So, where are we with the Senate surveillance bill, which has already garnered the White House’s blessing? The key sticking point remains retroactive immunity from lawsuits for the major telecommunications companies that cooperated with Bush’s warrantless surveillance program.
Chris Dodd took the lead, responding to the netroots’ concerns, and vowed to filibuster the bill. Joe Biden said he agreed. Yesterday, Barack Obama’s campaign, under pressure from MoveOn and bloggers, unequivocally said, “To be clear: Barack will support a filibuster of any bill that includes retroactive immunity for telecommunications companies.” Hillary Clinton said she was “troubled by the concerns” raised about the bill and pledged to “study it very hard” (her comments were not well received by the netroots).
Newsweek reports that Republicans, unable to come up with anything substantive, are responding to all of this with nonsense.
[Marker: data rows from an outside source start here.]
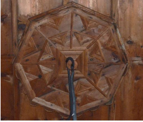
Şekil 18: Cami Harim Tavan Göbeği, 2023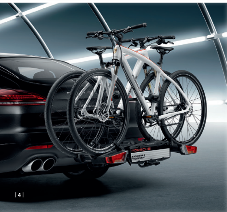
| 4 |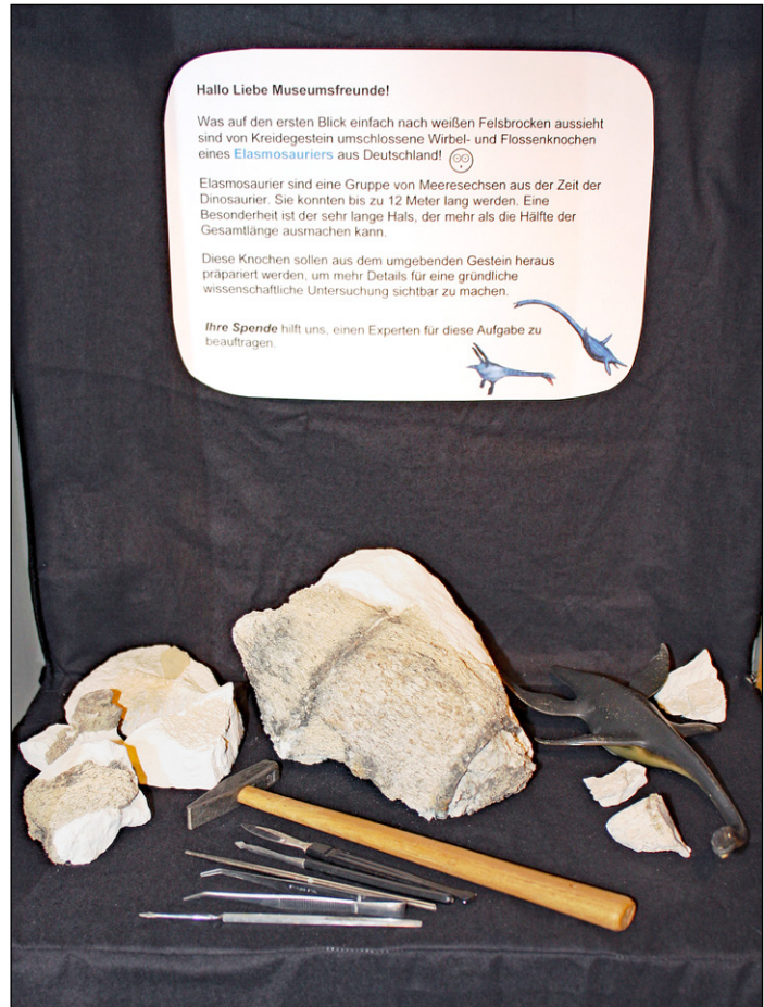
Abb. 1: Ausstellung der Exponate im Eingangsbereich des Naturkunde-Museums im Sommer 2016, um Spenden für die Präparation zu sammeln.

et al. 2017b) sowie ein Dorsalwirbel aus dem oberen Unterampanium oder unteren Oberampanium von Wismar in Mecklenburg-Vorpommern, der jedoch ein Geschiebefund ist und seinen Ursprung vermutlich im Gebiet des heutigen Südschwedens hat (FOTH et al., 2011). Der bisher vollständigste Fund dieser Gruppe aus der Oberkreide Deutschlands ist ein Skelett aus dem Oberampanium von Kronsmoor in Schleswig-Holstein, zu dem auch die hier beschriebenen Reste gehören. Diese hat der Zweitautor, Joachim Ladwig, dankenswerter Weise im Sommer 2016 dem Naturkunde-Museum Bielefeld übergeben. Zu diesem Zeitpunkt waren die Stücke noch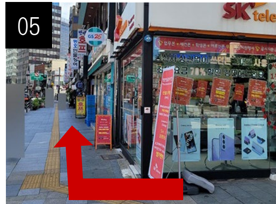
越過行人穿越道後，請沿著左側道路走。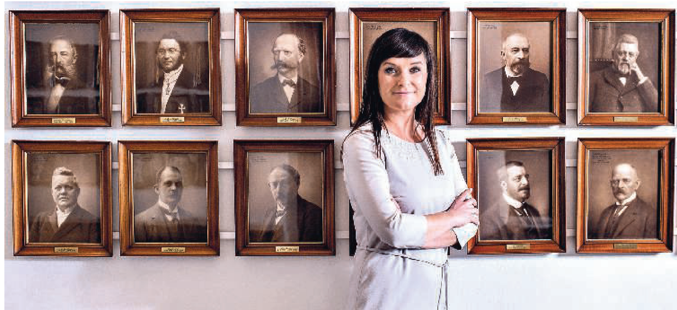
Innovationsminister Sophie Løhde: »I dag spilder det offentlige mange penge, fordi man ikke køber kloget nok ind. Formentlig drejer det sig om milliarder af kroner hvert år.«

Et lyspunkt for SOSU'erne er dog, at de ligger relativt højt i statistikken fra Det Nationale Forskningscenter for Arbejdsmiljø, når det gælder arbejdsglæde, mening med arbejdet og engagement. Noget tyder altså på, at selve SOSU'ernes kerneopgaver ikke er problemet, men blot omverdens nedprioritering af dem.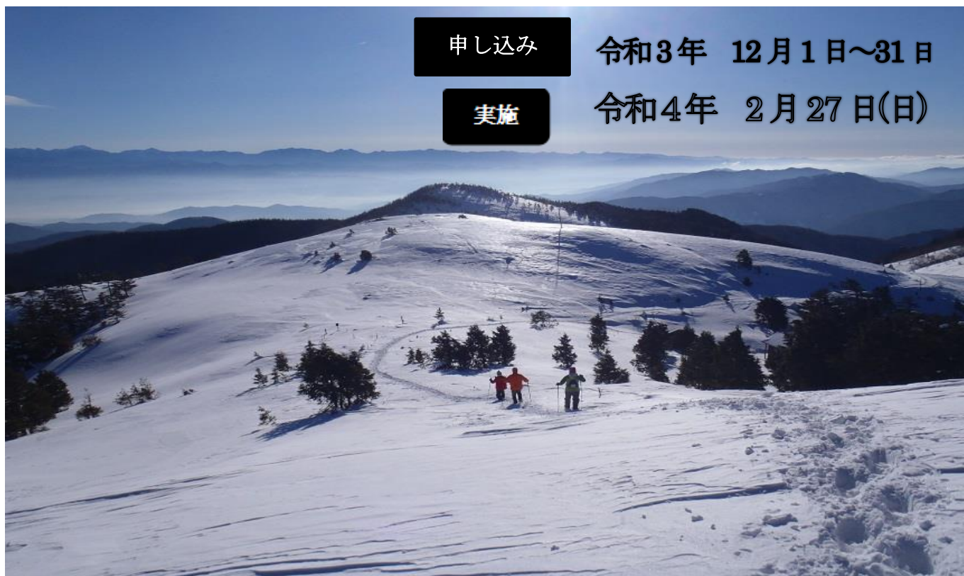
【陽光を受けて富士見台を目指す】

静岡県山岳・スポーツクライミング連盟が初心者を対象に雪山登山教室を開催致します。正しい雪山知識を身につけスノーハイクを楽しみましょう。県岳連所属山岳会の公認山岳コーチ(指導員)が雪山の楽しみ方と安全知識を指導致します。

[T]he administration and top Republicans are moving to exploit the issue. They accuse Democrats of sacrificing national security for short-term political gain. “Al Qaeda is not going to give us a break just because we’re having an election,” said Rep. Pete Hoekstra, the ranking Republican on the House Intelligence Committee, who demanded last week that Dodd donate to charity any campaign money he raised as a result of his filibuster threat.
The White House also attacked Democrats for political maneuvering and reiterated its call for protection for the telecommunication companies. “This issue is too important to play politics with,” White House spokesman Tony Fratto told NEWSWEEK. “Private firms that answered their nation’s call for help in the days after the 9/11 attacks should be applauded and not used as campaign props.”
Does this many any sense at all?
First, the notion that Dodd’s recent fundraising surge is somehow ill-gotten gains is ridiculous. The senator took a policy position, people liked it, and they rewarded him for it. Hoekstra seems to think this is wildly inappropriate. Hoekstra, regrettably, doesn’t know what he’s talking about.
Second, “al Qaeda isn’t going to give us a break”? OK, but what does that have to do with Congress extending retroactive immunity to telecoms that broke the law? How is that relevant to lawmakers taking on the role of activist judges, and short-circuiting ongoing legal battles that are currently in the judicial system?
And third, it’s possible the White House doesn’t keep up with the news, but arguing that the telecoms “answered their nation’s call for help in the days after the 9/11 attacks” is transparently wrong. As part of the warrantless-search program, the NSA started leaning on the telecoms for private data six months before 9/11, not “in the days after.”